Rohit buys us little bowls containing oil and a small offering encased in netting. We join a queue. There are a series of lingas and a statue of a god under a tree. As we reach the head of the queue, we copy Rohit. We douse the offering in the oil, and then pour the remaining oil over the linga and statue. We light the netted offering in the bowl. Then we stop. We are supposed to wave the bowl in a clockwise motion in front of the god. It feels utterly daft. We wiggle the bowls half-heartedly. Mark tells me later he feels like a total fraud.
There’s a lot of superstition involved in Hindu worship. Following Rohit’s lead we touch the top step of the temple as we enter. I see others touch every single one. We walk clockwise round the central shrine. Suresh touches the latticed windows that obscure the statues inside. Others touch their heads to it. A man gives us a handful of lucky sugar on the way out.

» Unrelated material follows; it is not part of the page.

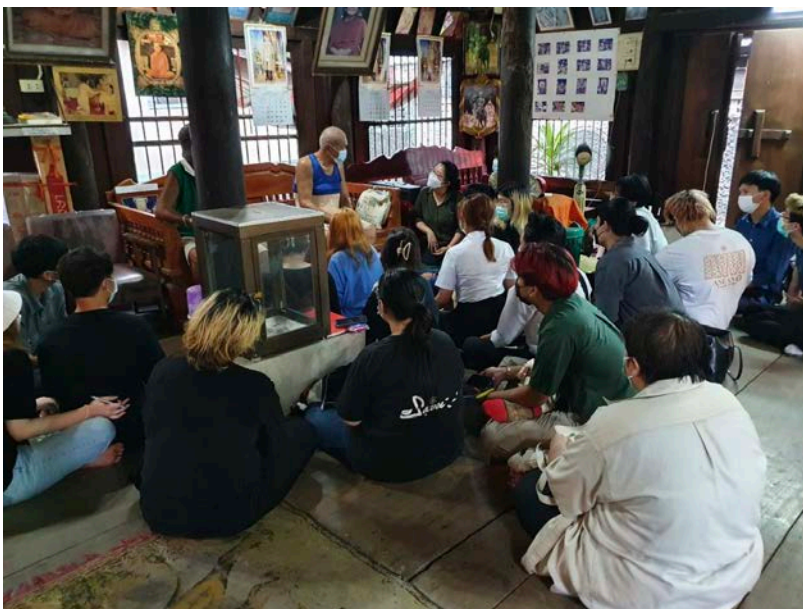
ภาพที่ 2 การลงพื้นที่ย่านบางยี่ขันร่วมกันของนักศึกษาสำนักวิชาดุริยางคศาสตร์ สถาบันดนตรีกัลยาณี วัฒนา และนักศึกษสาขาวิชาประวัติศาสตร์ท้องถิ่น คณะโบราณคดี มหาวิทยาลัยศิลปากร (2565)

วิธีวิทยาสำคัญที่ช่วยในการทำความเข้าใจชุมชน คือ การลงพื้นที่ สัมภาษณ์ ชุมชน สัมภาษณ์ ผู้คนในชุมชน และทำความเข้าใจบริบทต่างๆ ก่อนที่จะนำมาสู่การตีความ และสร้างสรรค์ผลงานจากภาคสนาม อย่างไรก็ตาม จากข้อคิดเห็นและวิพากษ์จากผู้ทรงคุณวุฒินั้นยังไม่เห็นถึงกระบวนการทำงานสร้างสรรค์จากการบูรณาการระหว่างสาขาวิชาประวัติศาสตร์ท้องถิ่นและสาขาดุริยางคศาสตร์อย่างชัดเจน รวมทั้งการทำงานร่วมกับเยาวชน ทั้งนี้ผู้วิจัยต้องกลับมาทบทวนตัวเองอีกครั้งจากกระบวนการทำงานข้ามศาสตร์นั้นว่ากระบวนการหรือวิธีการระหว่างประวัติศาสตร์ท้องถิ่นกับมานุษยวิทยาดนตรีประยุกต์ โดยเฉพาะการเข้าถึงข้อมูล และการให้ความสำคัญกับ “เสียง” จากพื้นที่ศึกษาควรร่วมเรียนรู้ แลกเปลี่ยนการทำงานบนโจทย์ร่วมมากกว่านี้ อีกทั้งยังต้องให้ความสำคัญกับกระบวนการมีส่วนร่วมของชุมชนที่มากขึ้นมากกว่าการร่วมแสดง ดังนั้นกระบวนการทำงานควรเป็นการทำงานที่บูรณาการร่วมกันตั้งแต่การเก็บข้อมูลจนนำไปสู่การสร้างสรรค์ผลงาน บทสังเคราะห์และสรุปผล

We go into the Hanuman temple next door. That explains the presence of the cheeky monkeys, then. This temple is bigger and more packed; I think Rohit’s god is more obscure. The temple is beautifully painted throughout, and contains silver statues. Rohit touches his head to the marble counter in front of a statue of Shiva, and rings the bell as he leaves. Round the corner is whgat looks like a paddling pool with several god statues in water. Rohit fills a pot and pours the water over the statues. Some people merely touch them. It doesn’t seem to matter what you do, or how much or little time you spend there.
None of it feels in the slightest bit sacred, but I like it all the same. It seems an egalitarian religion. You don’t have to commit yourself to an hour-long ceremony, repeating phrases, standing and sitting at the prescribed times. You don’t have to go every day or week, though you can if you want to. You can touch every step on the way in, or none. You can go if there’s something bothering you, and assuage your fears with an offering to an appropriate god. Or you can dress in saffron and live in a cave practising yoga for the rest of your life. It can be as simple as a superstition, or a complete way of life. I leave no closer to god, but with a respect for this open, egalitarian religion.
Later, Rohit tells us that many Hindu temples refuse entry to non-Hindus, and some to the Dalits.
------------------------------------------------------------------------------------------
Notes: the Hanuman temple has since been completed!
The tree at the Shani temple has now been felled
You can get water for Rs10 per bottle. Rs20 is either driver's commission or someone's clocked you're a tourist
Edited by karuna, 28 July 2007 - 03:05 AM.